The plot of the novel takes place in the fictional port city of Targat and the nearby oasis of Tindirma in an unnamed North African desert state reminiscent of Morocco . It begins on August 23, 1972.

1st book: The sea. The novel begins with seemingly incoherent plot fragments that only connect with each other in the further course of the plot: two young detective superintendents, Canisades and Polidorio, issue fictitious ID cards with imaginary names on old, invalid forms to pass the time, which they later use when visiting brothels. - A policeman from the Tindirma oasis brings a young man named Amadou Amadou who is said to have killed four Europeans, members of a hippie commune. He denies the murders so persistently, despite overwhelming evidence, that Polidorio begins to doubt his guilt. - The American Helen Gliese arrives by ship in Targat on behalf of a cosmetics company and moves into bungalow 581d in the Sheraton Hotel . - A secret agent by the name of Lundgren, from whom we learn in the second sentence that he is dead, waits in vain for days in a street café in Tindirma for a contact to whom he is supposed to hand over microfilms with construction plans for ultracentrifuges for uranium enrichment . - Polidorio studies the confused files on the Amadou case, drives out to the commune and realizes that there is no doubt about Amadou's perpetration. - Lundgren, who is now suffering from sunstroke , finally meets the man to whom he can hand over the plans. - Amadou, who has meanwhile been sentenced to death, escapes in an accident with the prisoner transporter.
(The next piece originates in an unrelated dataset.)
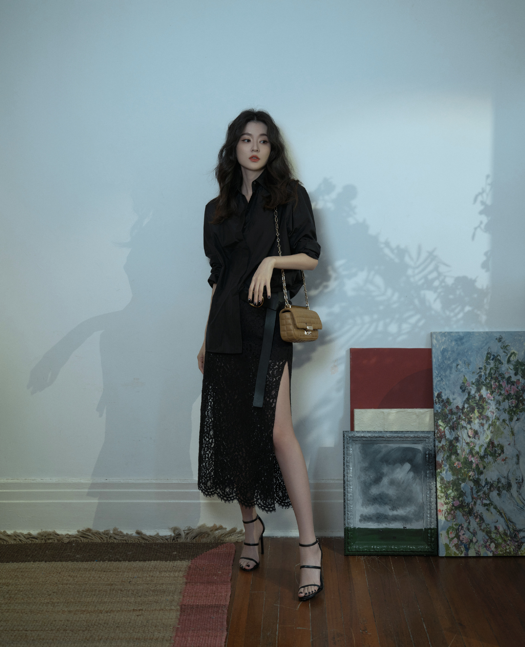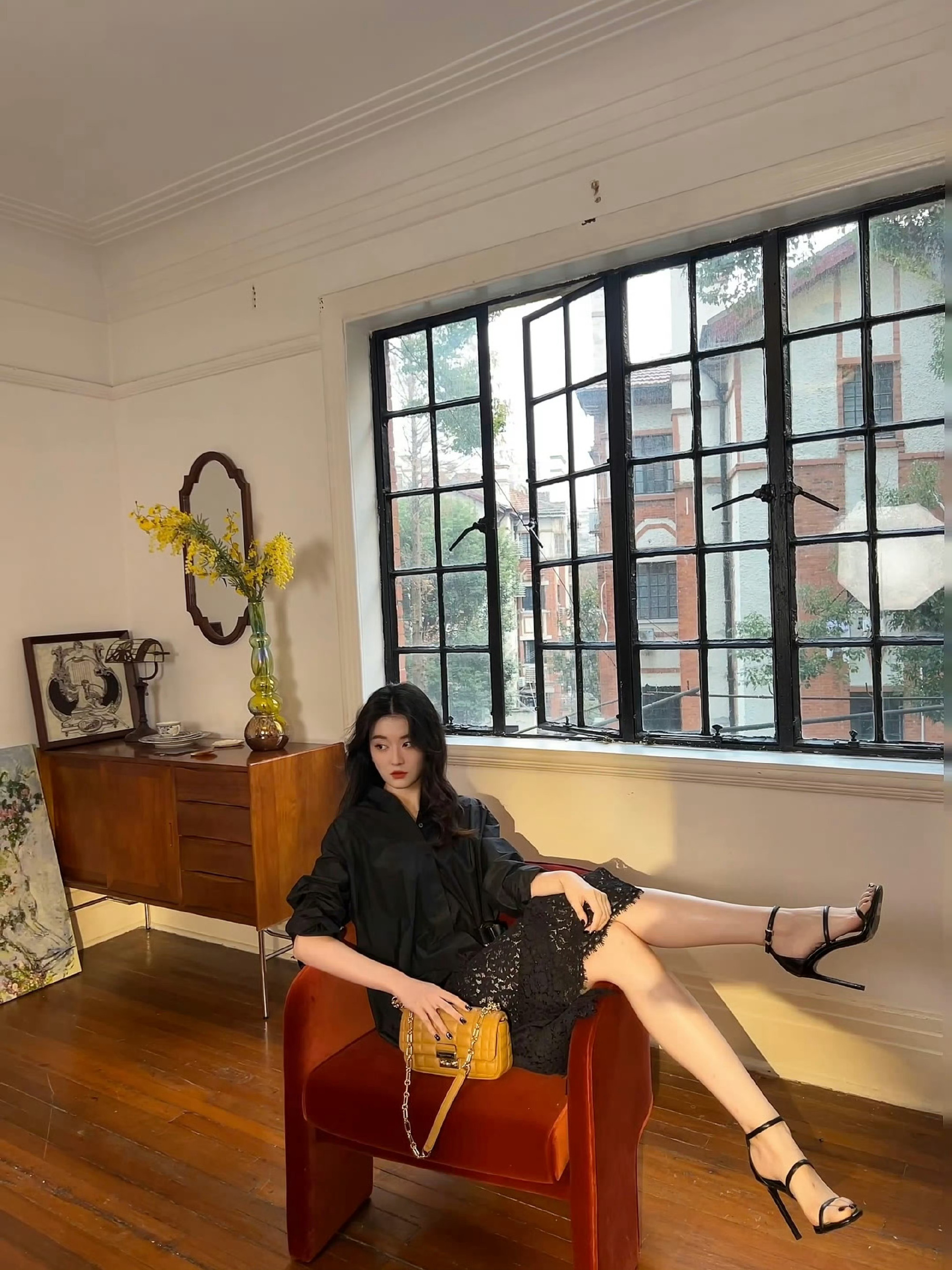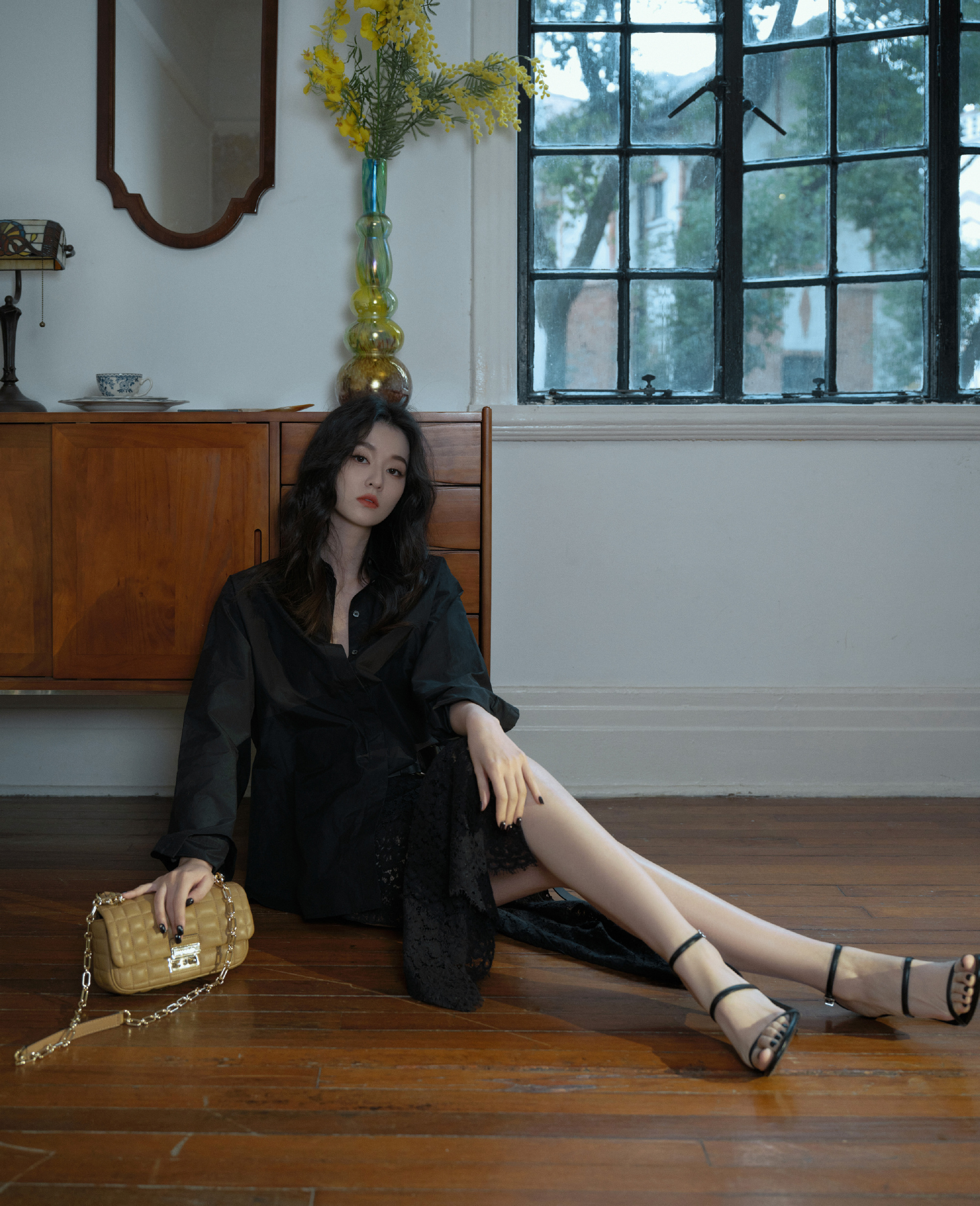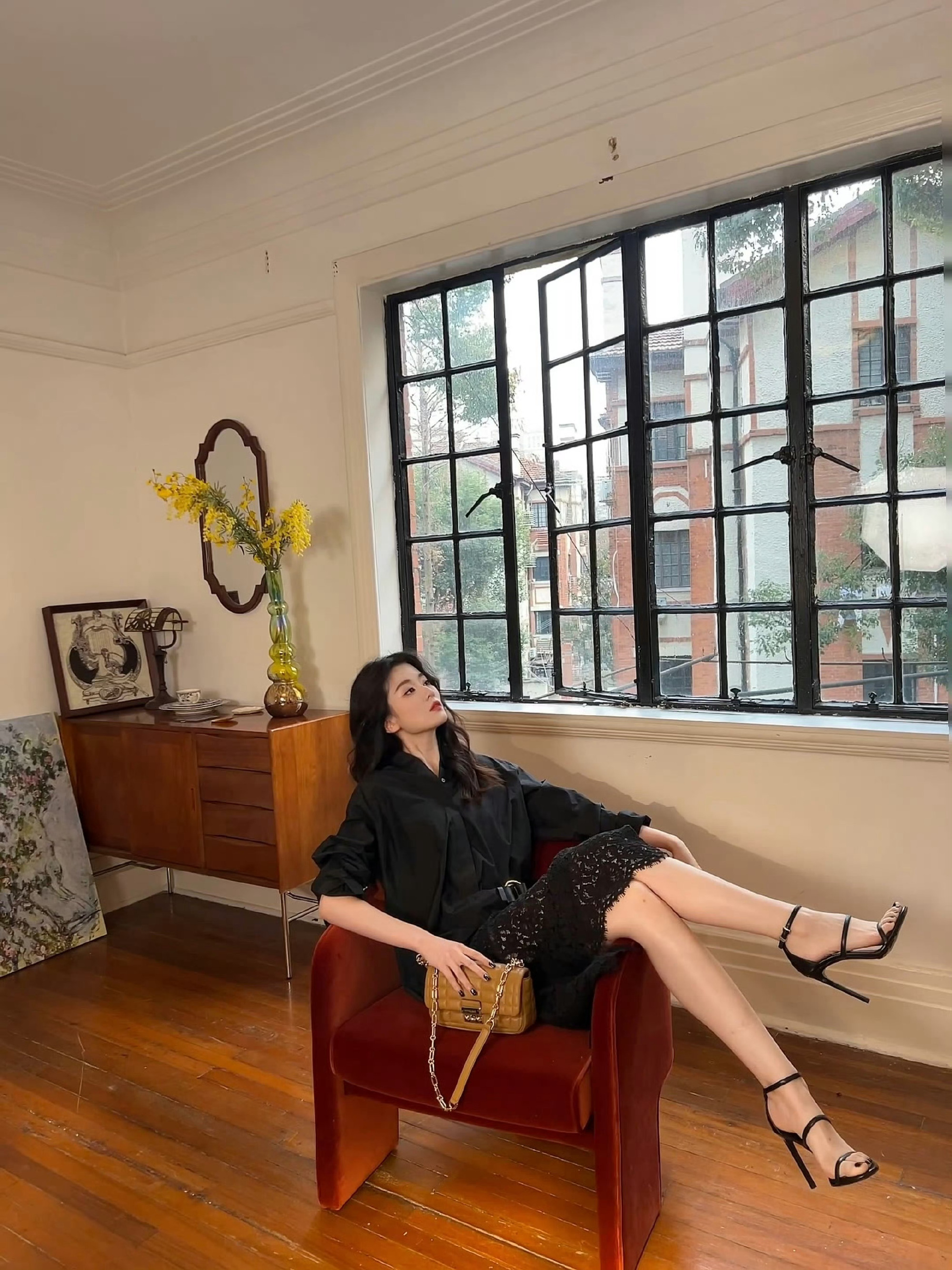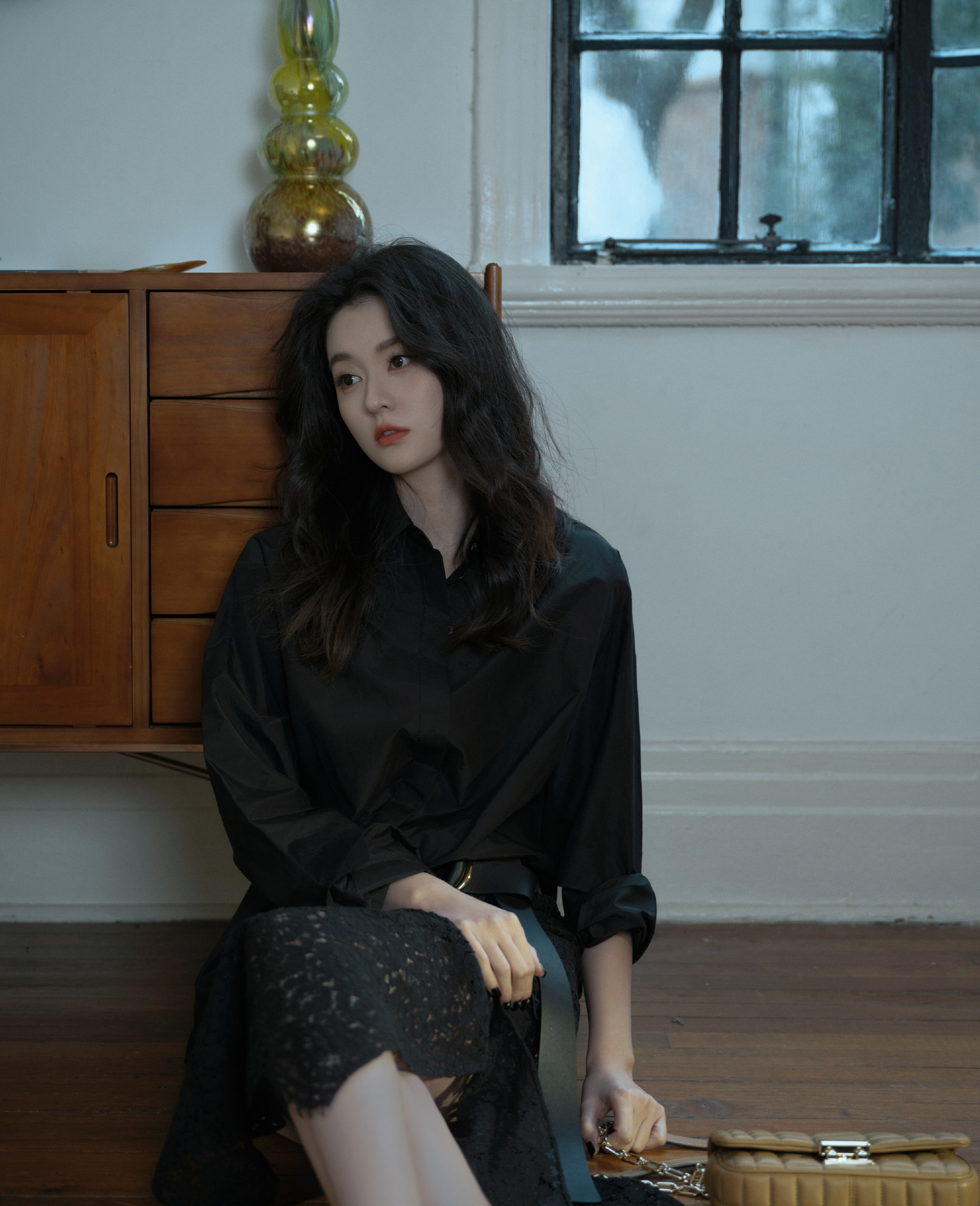 乔欣,黑色蕾丝裙美腿妆造,优雅魅力满满。乔欣

2nd book: The desert. In the attic of a building in the desert a man comes to with a head wound who cannot remember who and where he is. He watches three men explain to a fourth that a man named Cetrois has fled with something that the fourth, apparently their leader, wants, and how the four set off in a jeep in pursuit. With great effort, he manages to escape into the desert, escape the men in the jeep and reach a nearby track. There he asks two stoned tourists for help, who instead rob him and leave him behind after they have burned his identity papers to a tiny scrap. - Helen Gliese goes to the commune in Tindirma to visit her old school friend Michelle Vanderbilt. On the way back, she is approached by the man with no memory at a gas station. At his pleading for help, she takes him with her. He tells her his story, and since he frightened refuses to go to the hospital, the police, or a doctor, she takes him to her bungalow and tends to his wound. Together they set out to solve his secret.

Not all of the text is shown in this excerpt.